How great is it to call a book about Scotch… Scotch. There’s no shortage of books out there that want to cover every aspect of every spirit that falls under the rubric of “whisky” but just because one loves Highland Single Malts doesn’t mean they have the remotest interest in Tennessee Whiskey (the product, not the song, which everyone loves). Whiskey in general, and malt whisky in particular lends itself to a certain stuffiness and this book does away with a lot of all that old-white-dudes-in-wingback-chairs baggage. It has a compact modern design and gives a solid, not overly fussy take on all the distilleries you need to know. A contemporary companion to an old pastime.

 

One Thousand Vines

This was our pick for the best wine book of the year in 2024. It seems every few years there’s a wine book that comes along that’s such a joy to dig into that it makes the shoehorning a breeze. And this year it’s One Thousand Vines by Pascaline Lepeltier. It’s a book that’s tough to categorize: it’s part linguistics lesson, part travelogue and it’s beautifully illustrated with detailed maps of key regions.

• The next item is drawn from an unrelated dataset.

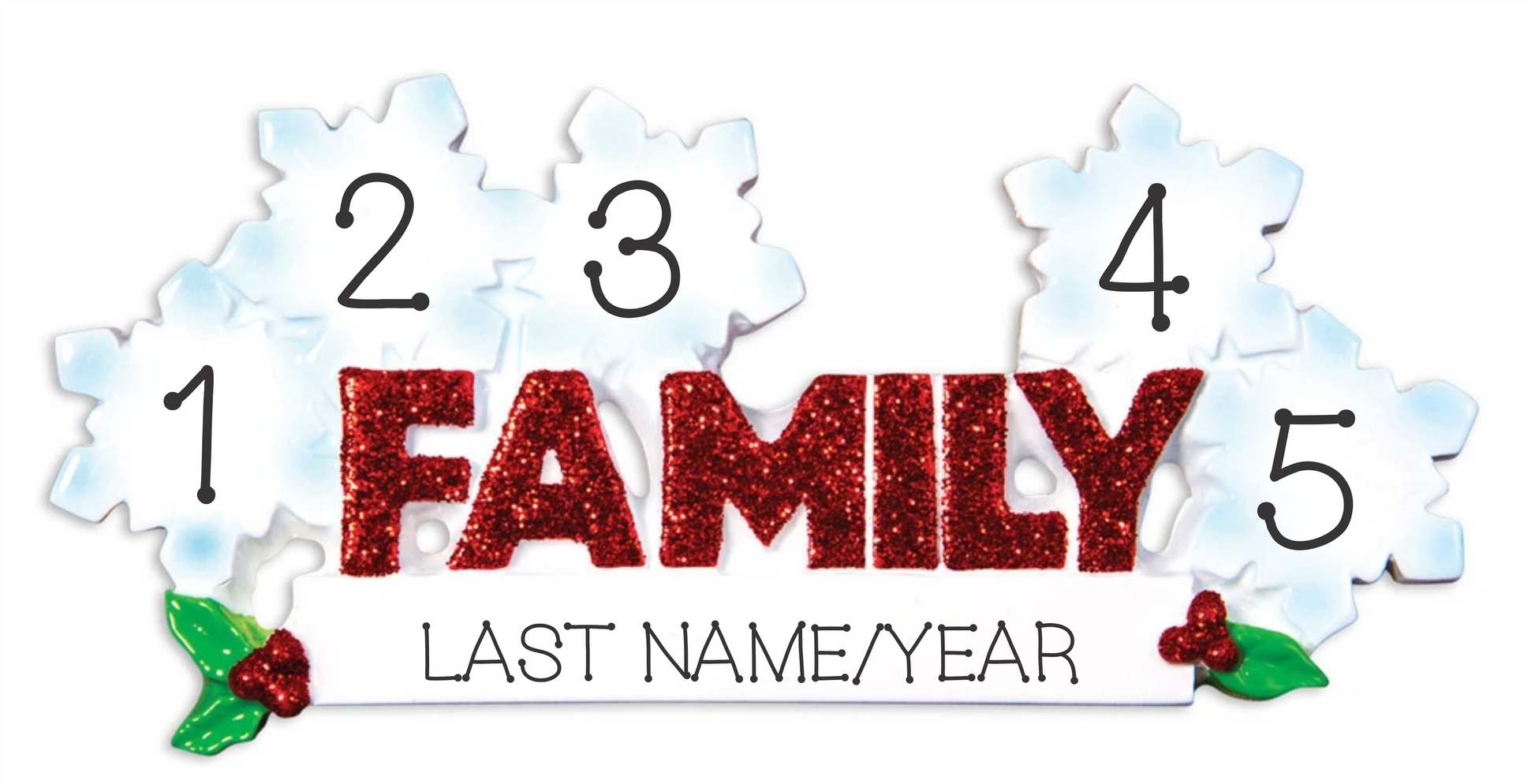 This sparkly ornament is perfect for a family of 5. Include the names and last name and the year.

It’s both meditative on the subject and broken up into easily digestible building blocks that allow for a piecemeal digging into (as opposed to a slavish grind through) the 1855 Bordeaux classification. Perhaps the best way to describe it as a sort of wine-knowledge Karate Kid: you end up diving into different parts and different disciplines and you’re having so much fun you end up being a wine master of a kind when you’re done without ever “studying.” The best wine book this year by a country mile.

The Four Horseman

Four friends get together and create the perfect restaurant of their dreams in their Brooklyn neighbourhood sounds like an enticing hook on its own, but when one of the friends is LCD Soundsystem’s James Murphy, the enterprise takes on a whole new dimension. The book mirrors the restaurant’s idiosyncratic approach: recipes appear more like stories, wine knowledge drips through by way of anecdotes as opposed to charts. Getting into the restaurant is now a month’s long exercise in diligence and patience, but this book is transportative to the easygoing take of excellence.